Guidelines for ethical behavior for management accountants require


A. Management accountants maintain professional competence.
B. Management accountants disclose confidential information to competitors.
C. Management accountants eliminate all potential limitations before communicating
recommendations.
D. Management accountants ignore conflicts of interest.

Discussion: Competence is one ethical value in the Institute of Management Accountants ethical
standards. Management accountants maintain confidentiality unless disclosure is required by law. Full
disclosure of limitations is required, but no one can eliminate all limitations on recommendations.
Management accountants disclose conflicts of interest.

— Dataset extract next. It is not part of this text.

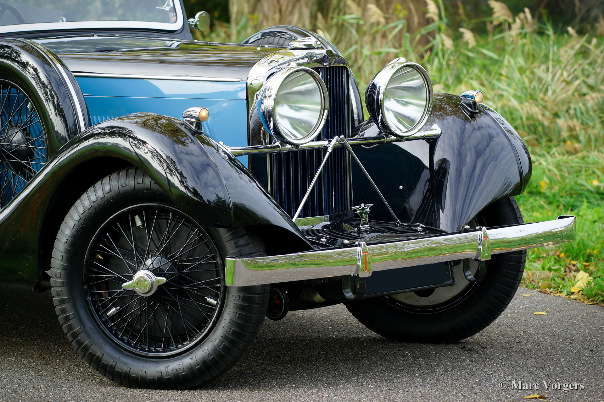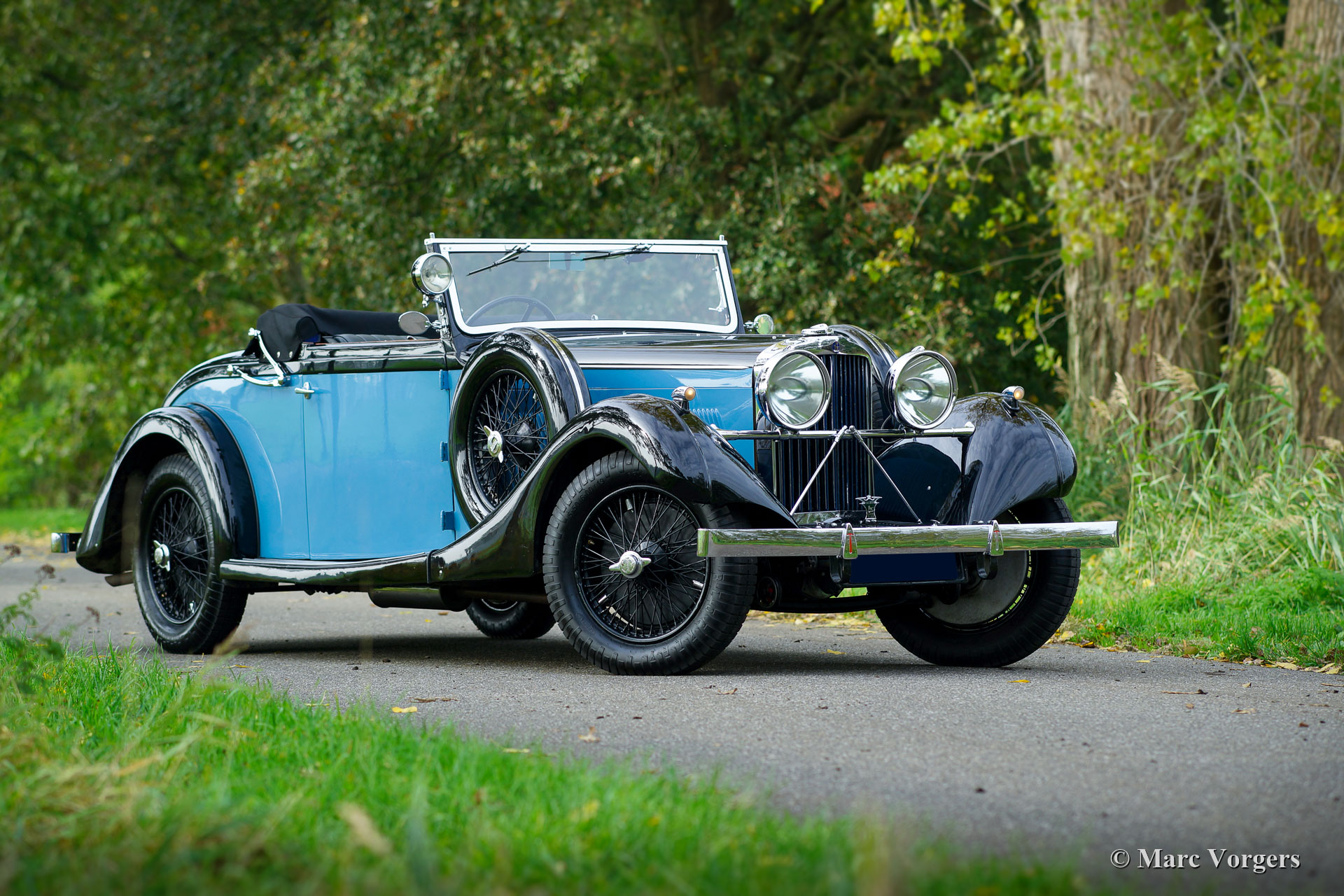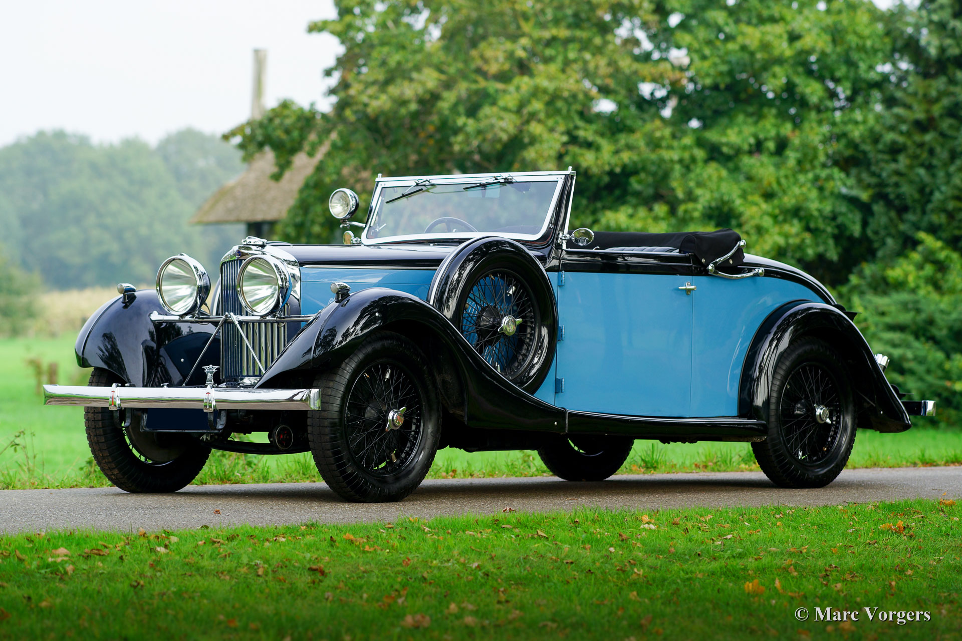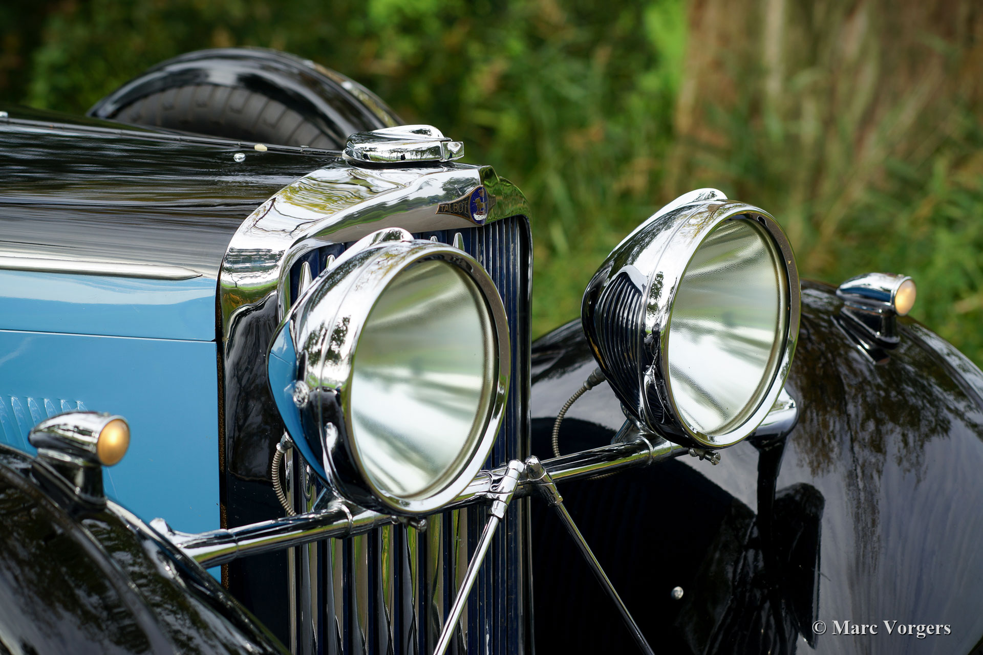 Talbot BA 105 Drop Head Coupe, jaar 1935. Kleur ‘two-tone’ zwart met blauwe flanken en zwarte spaakwielen. Grijs leren interieur. Talbot maakte vanaf 1920 deel uit van het Engels Franse ‘STD’ concern (Sunbeam-Talbot-Darracq) dat onder leiding van constructeur Louis Coatalen vele race successen behaalde en snelheidsrecords wist te veroveren. Talbot automobielen werden gebouwd in Frankrijk en Engeland (Londen). Deze prachtige Talbot BA 105 DHC is een exemplaar van Engelse origine. Er werden slechts 23 BA 105 chassis gebouwd die, zoals in die tijd gebruikelijk was, voorzien werden van speciale handgemaakte carrosserieën. Deze Talbot BA 105 werd voorzien van een Fixed Head Doctors Coupe carrosserie door Carlton Carriage Company in Londen. De Talbot werd op 2 augustus 1935 geleverd aan autohandelsbedrijf Tozer, Kemsley & Milbourn Ltd. die de Talbot verscheepten naar de eerste eigenaar in Zuid-Afrika. De Talbot is af fabriek uitgerust met een subliem schakelende ‘preselector’ versnellingsbak die zelfs automatisch opschakelt wanneer de koppeling wordt bediend. In 1993 kwam de automobiel in handen van de vierde eigenaar. Deze ondernam een zeer gedegen restauratie. Het essenhout van de carrosserie werd vernieuwd, de techniek gereviseerd, de aluminium carrosserie nieuw opgebouwd met weglating van het dak waardoor er een Drop Head Coupe ontstond. Op het dak na is deze Talbot BA 105 zeer origineel en de auto heeft ‘matching numbers’. Deze geweldige Talbot werd in 2017 van Zuid-Afrika naar Nederland verscheept. In de periode 2017 – 2019 is er veel in de Talbot geïnvesteerd om de auto technisch up-to-date te brengen en te houden, werkelijk alles is onderhanden genomen. In dezelfde periode heeft de Talbot probleemloos aan verschillende historische ‘pre-war’ rally evenementen deelgenomen inclusief een grote rally van de Talbot club in Nieuw-Zeeland! Deze prachtige Talbot BA 105 verkeert in een uitstekende conditie, de auto staat klaar voor ieder nieuw avontuur. Dit is een zeldzame, zeer originele en zeer fijn rijdende pre-war automobiel met een bijzondere gedocumenteerde historie.

7. Institute of Management Accountants supports ethical practices by


A. Staffing an ethics hotline for its members
B. Representing its members in legal cases
C. Investigating corporate ethical lapses
D. Requiring members to report unethical conduct to their supervisors.

Discussion: The Institute of Management Accountants has an ethical hotline to provide an objective
consultation to members.

Chapter 2

1. The wages of factory maintenance personnel would usually be considered to be a


A. Direct labor cost
B. Manufacturing overhead cost
C. Administrative cost
D. Selling cost

Discussion: Maintenance is an indirect labor cost, which is a part of manufacturing overhead.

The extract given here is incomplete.